As we know now they are actually cosmic fireballs caused by the giant explosion of unbelievably mammoth proportions of a star in its death throe. These cosmic cataclysms shine 100 billion times brighter than the sun, equal or more than a whole galaxy for a very brief period.
Not all stars explode at its death. A star like our sun will let off most of its gaseous atmosphere at its and become a white dwarf , only a few thousand miles in diameter and radiate its left over heat for billions of years.
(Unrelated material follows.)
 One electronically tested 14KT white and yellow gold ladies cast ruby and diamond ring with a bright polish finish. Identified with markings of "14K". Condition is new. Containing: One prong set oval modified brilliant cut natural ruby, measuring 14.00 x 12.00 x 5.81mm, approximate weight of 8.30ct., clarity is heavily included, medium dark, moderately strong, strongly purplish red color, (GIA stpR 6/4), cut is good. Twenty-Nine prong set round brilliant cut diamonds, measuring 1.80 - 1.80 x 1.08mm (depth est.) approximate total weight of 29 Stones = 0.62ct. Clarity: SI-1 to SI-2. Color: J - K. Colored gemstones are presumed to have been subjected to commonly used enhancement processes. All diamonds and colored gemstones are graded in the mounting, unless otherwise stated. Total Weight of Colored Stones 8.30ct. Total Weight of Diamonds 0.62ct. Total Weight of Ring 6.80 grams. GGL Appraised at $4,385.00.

However when a star (particularly a white dwarf) of mass 1.44 times the mass of sun will die a different thing will happen. When this limit exceeds (known as Chandrasekhar Limit ,named after the great Indian physicist Subrahmanyan Chandrasekhar , who discovered it in 1930s) the star will die a different kind of death .It will either explode in to a supernova leaving behind a remnant and a neutron star at its centre or implode into a black hole.
Fritz Zwicky
Courtesy ned.ipac.caltech.edu

Subrahmanyan Chandrasekhar
Courtesy starchildgs.nasa.gov

A supernova explosion expels much of the star’s material at a tremendous velocity of 30000 kilometers /second creating shockwaves in the surrounding interstellar medium.
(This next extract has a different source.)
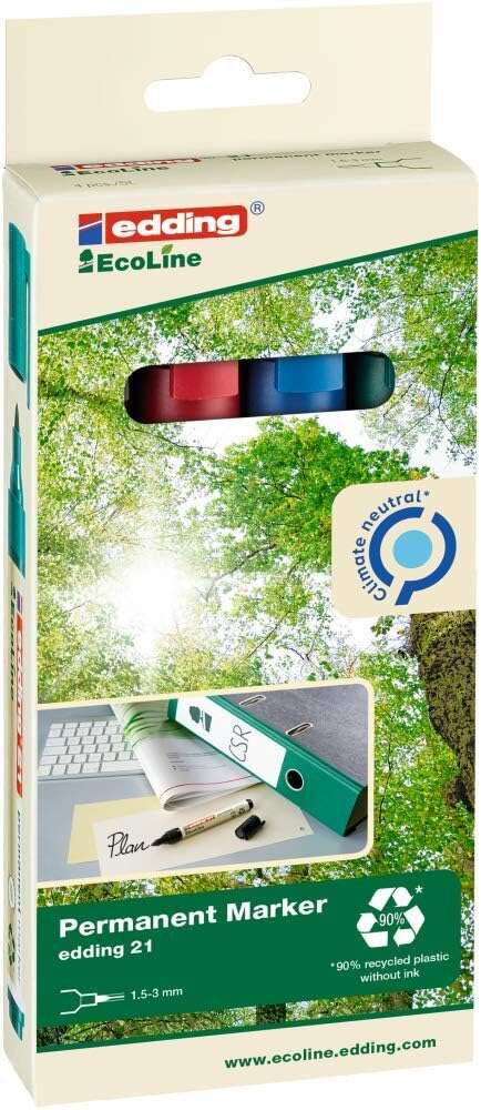 Edding 21 EcoLine Pack de 4 Rotuladores Permanentes – Punta Redonda – Trazo entre 1.5 y 3mm – 90% de Plastico Reciclado – Colores Surtidos

This shock wave sweeps up an expanding shell of gas and dust called a supernova remnant  .
Supernovas are of mainly two categories, Type-1a and Type -2. Type -1a supernova occurs when a white dwarf accretes mass from a nearby binary star so that after sometime it crosses Chandrasekhar Limit. At this point the internal matters are heated to an extent that carbon fusion occurs and in a runaway nuclear fusion of the substantial mass of the star, it releases enormous energy within a very very short time and the star explodes.
The Type-1a supernova is conspicuous by absence of the hydrogen lines in its spectrum. Also all Type-1a supernovas has almost similar mass and almost same peak luminosity so that they can be used as standard candles to measure distances in our universe.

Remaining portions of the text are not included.